Deep explanations of every metric and visualization. When audio is active, Learn shows your live readings so you understand what each number means for your specific sound.

Introduction

This page. A guide to everything in Soniform including how to use it, what you are seeing, what the numbers mean, and what makes this platform different.

Sidebar Controls Explained

Analysis Settings

FFT Size (512 to 8192)

Larger means more frequency detail but slower time response. 2048 is the recommended balance. Use 8192 for fine pitch analysis. Use 512 for tracking fast transients.

Smoothing (0 to 0.99)

How much the spectrum is averaged frame to frame. High smoothing gives a calmer, easier-to-read display. Low smoothing responds instantly to rapid changes.

Window Function

Hann is the best general-purpose choice. Blackman reduces spectral leakage further. Rectangular gives maximum resolution but causes leakage artifacts.

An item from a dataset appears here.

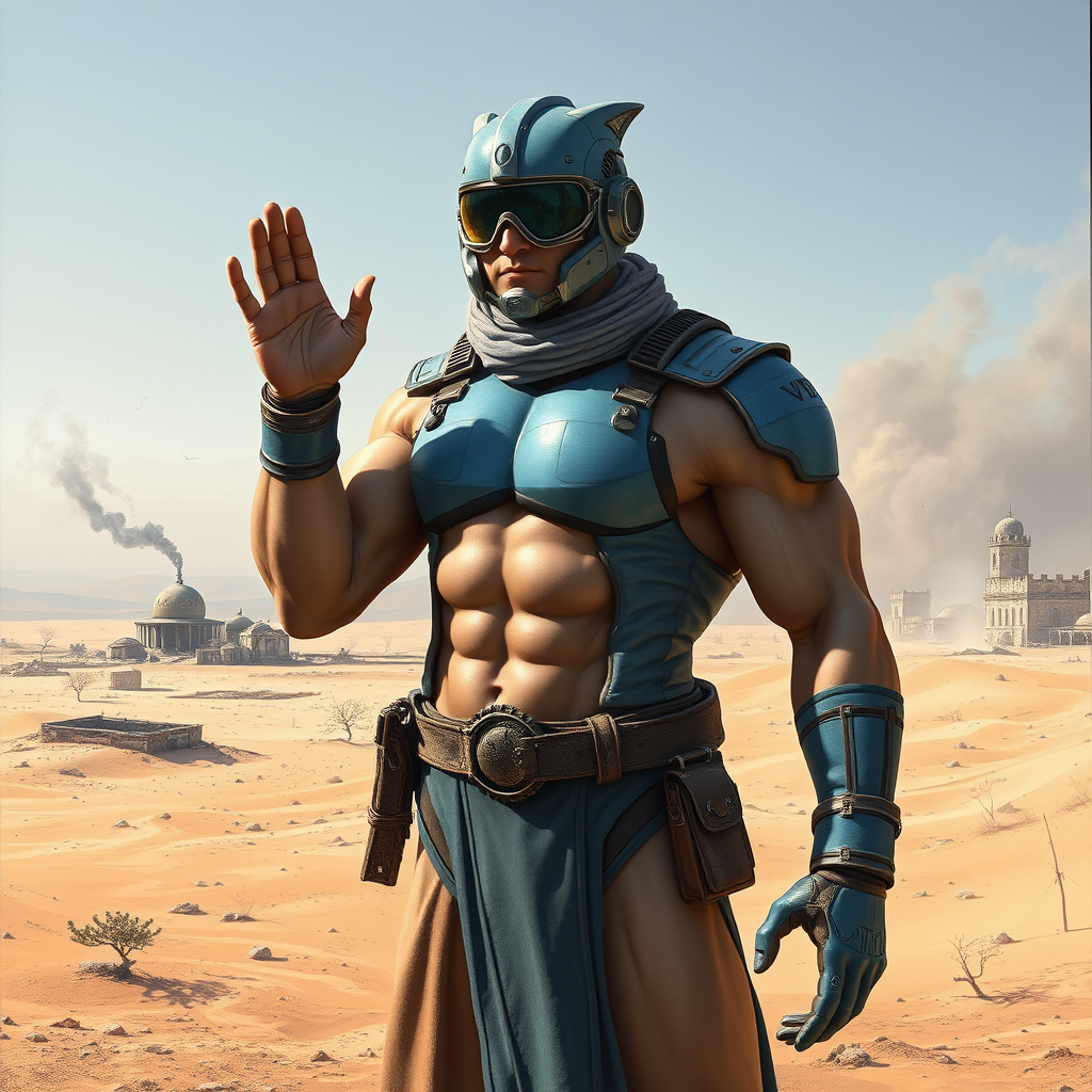 A powerful man clad in sleek blue body armor and intricate futuristic goggles stands firmly on the barren ground, his muscular physique highlighted in the harsh desert sunlight. He waves a hand towards an abandoned village on the horizon, smoke spiraling into the sky. His strong, sinewy form is reminiscent of the work of Boris Vallejo and Frank Frazetta, capturing their iconic blend of fantasy and realism. His head adorned with an advanced, sleek, robot-like headpiece, blending organic and technological lines. The scene exudes a sense of ominous mystery, with the art style echoing the grandeur and depth of Alex Ross's portrayals. The full figure composition emphasizes the character's commanding presence amidst the stark, desolate landscape.

Gain (plus or minus 20 dB)

Amplifies or attenuates the signal before analysis. Use positive gain for quiet recordings. Use negative gain if the signal is clipping.

Peak Labels

Annotates the strongest frequency peaks in the spectrum with their frequency in Hz or kHz. Toggle off for a cleaner view.

Harmonic Lines

Overlays dashed vertical lines at harmonic series positions in the spectrum. Helps you see whether peaks align with expected overtones.

Pro tip: Try playing a single sustained note on any instrument into your microphone, then open Learn and select Harmonic Map. You will see exactly which overtones your instrument produces and how the Harmonic Complexity Score reflects its timbre in real time.

Under the Hood

The Mathematics

Every frame, roughly 60 times per second, Soniform collects a block of audio samples from the Web Audio API, applies a windowing function to reduce edge artifacts, then runs the Fast Fourier Transform. The FFT output feeds all four visualizations simultaneously.

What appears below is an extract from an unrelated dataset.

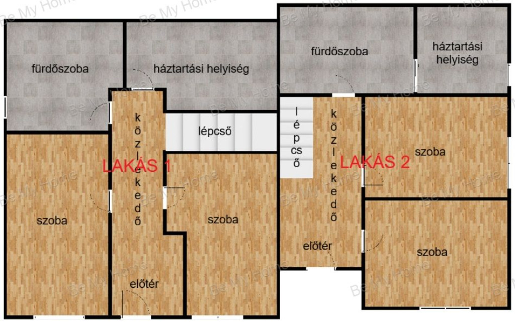 ahol található 2 hálószoba, fürdőszoba, közlekedő és a háztartási helyiség.

Pitch detection uses autocorrelation, finding the dominant period in the signal without relying on the FFT. The Harmonic Complexity Score is the Shannon entropy of the overtone amplitude distribution, normalised to 0 to 100. All other metrics including centroid, rolloff, ZCR, and RMS are standard DSP calculations performed on the raw waveform or frequency data.

Everything runs entirely in the browser. No server, no upload, no latency beyond your hardware. Your audio never leaves your device.

Academic context: The techniques here, including STFT, spectral moments, harmonic analysis, and autocorrelation pitch detection, are foundational to Music Information Retrieval (MIR), speech processing, acoustic engineering, and computational musicology. The Harmonic Complexity Score is Soniform's own formulation, applying information-theoretic entropy to the overtone domain.